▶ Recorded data

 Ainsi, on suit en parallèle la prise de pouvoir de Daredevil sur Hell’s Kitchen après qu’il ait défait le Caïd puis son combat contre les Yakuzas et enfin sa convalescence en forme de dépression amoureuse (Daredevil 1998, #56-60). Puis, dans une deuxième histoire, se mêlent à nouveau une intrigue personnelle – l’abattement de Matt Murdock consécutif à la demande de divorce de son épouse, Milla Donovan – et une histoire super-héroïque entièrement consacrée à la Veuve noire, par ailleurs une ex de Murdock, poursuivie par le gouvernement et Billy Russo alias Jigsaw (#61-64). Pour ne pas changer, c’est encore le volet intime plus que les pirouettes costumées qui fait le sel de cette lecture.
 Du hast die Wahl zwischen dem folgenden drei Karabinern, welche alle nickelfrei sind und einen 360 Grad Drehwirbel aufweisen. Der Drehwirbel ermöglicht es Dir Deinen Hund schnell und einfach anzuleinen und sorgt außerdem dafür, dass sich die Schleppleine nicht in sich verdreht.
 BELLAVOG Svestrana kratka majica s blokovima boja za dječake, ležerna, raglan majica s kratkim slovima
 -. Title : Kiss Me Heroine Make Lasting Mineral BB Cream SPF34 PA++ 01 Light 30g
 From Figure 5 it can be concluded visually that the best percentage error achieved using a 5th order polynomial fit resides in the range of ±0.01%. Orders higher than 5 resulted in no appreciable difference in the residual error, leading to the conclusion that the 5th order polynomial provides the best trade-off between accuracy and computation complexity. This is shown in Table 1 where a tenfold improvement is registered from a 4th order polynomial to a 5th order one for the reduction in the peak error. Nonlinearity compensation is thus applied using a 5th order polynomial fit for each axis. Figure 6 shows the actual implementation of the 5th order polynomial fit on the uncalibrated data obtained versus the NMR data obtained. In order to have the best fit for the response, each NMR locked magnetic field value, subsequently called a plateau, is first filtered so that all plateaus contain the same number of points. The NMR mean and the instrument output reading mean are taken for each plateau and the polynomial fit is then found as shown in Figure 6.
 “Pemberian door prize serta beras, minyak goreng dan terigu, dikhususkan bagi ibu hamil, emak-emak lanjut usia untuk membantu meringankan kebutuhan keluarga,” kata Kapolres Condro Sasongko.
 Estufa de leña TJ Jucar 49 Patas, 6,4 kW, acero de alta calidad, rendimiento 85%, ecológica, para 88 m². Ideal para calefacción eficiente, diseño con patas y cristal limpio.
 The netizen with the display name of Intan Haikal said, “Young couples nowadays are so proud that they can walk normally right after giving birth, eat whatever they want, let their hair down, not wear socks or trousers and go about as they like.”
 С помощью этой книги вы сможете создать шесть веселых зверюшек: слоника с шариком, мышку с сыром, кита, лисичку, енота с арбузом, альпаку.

▶ What to work on
Each record needs to be copied out again, letter for letter.

▶ Answer below
 Ainsi, on suit en parallèle la prise de pouvoir de Daredevil sur Hell’s Kitchen après qu’il ait défait le Caïd puis son combat contre les Yakuzas et enfin sa convalescence en forme de dépression amoureuse (Daredevil 1998, #56-60). Puis, dans une deuxième histoire, se mêlent à nouveau une intrigue personnelle – l’abattement de Matt Murdock consécutif à la demande de divorce de son épouse, Milla Donovan – et une histoire super-héroïque entièrement consacrée à la Veuve noire, par ailleurs une ex de Murdock, poursuivie par le gouvernement et Billy Russo alias Jigsaw (#61-64). Pour ne pas changer, c’est encore le volet intime plus que les pirouettes costumées qui fait le sel de cette lecture.
 Du hast die Wahl zwischen dem folgenden drei Karabinern, welche alle nickelfrei sind und einen 360 Grad Drehwirbel aufweisen. Der Drehwirbel ermöglicht es Dir Deinen Hund schnell und einfach anzuleinen und sorgt außerdem dafür, dass sich die Schleppleine nicht in sich verdreht.
 BELLAVOG Svestrana kratka majica s blokovima boja za dječake, ležerna, raglan majica s kratkim slovima
 -. Title : Kiss Me Heroine Make Lasting Mineral BB Cream SPF34 PA++ 01 Light 30g
 From Figure 5 it can be concluded visually that the best percentage error achieved using a 5th order polynomial fit resides in the range of ±0.01%. Orders higher than 5 resulted in no appreciable difference in the residual error, leading to the conclusion that the 5th order polynomial provides the best trade-off between accuracy and computation complexity. This is shown in Table 1 where a tenfold improvement is registered from a 4th order polynomial to a 5th order one for the reduction in the peak error. Nonlinearity compensation is thus applied using a 5th order polynomial fit for each axis. Figure 6 shows the actual implementation of the 5th order polynomial fit on the uncalibrated data obtained versus the NMR data obtained. In order to have the best fit for the response, each NMR locked magnetic field value, subsequently called a plateau, is first filtered so that all plateaus contain the same number of points. The NMR mean and the instrument output reading mean are taken for each plateau and the polynomial fit is then found as shown in Figure 6.
 “Pemberian door prize serta beras, minyak goreng dan terigu, dikhususkan bagi ibu hamil, emak-emak lanjut usia untuk membantu meringankan kebutuhan keluarga,” kata Kapolres Condro Sasongko.
 Estufa de leña TJ Jucar 49 Patas, 6,4 kW, acero de alta calidad, rendimiento 85%, ecológica, para 88 m². Ideal para calefacción eficiente, diseño con patas y cristal limpio.
 The netizen with the display name of Intan Haikal said, “Young couples nowadays are so proud that they can walk normally right after giving birth, eat whatever they want, let their hair down, not wear socks or trousers and go about as they like.”
 С помощью этой книги вы сможете создать шесть веселых зверюшек: слоника с шариком, мышку с сыром, кита, лисичку, енота с арбузом, альпаку.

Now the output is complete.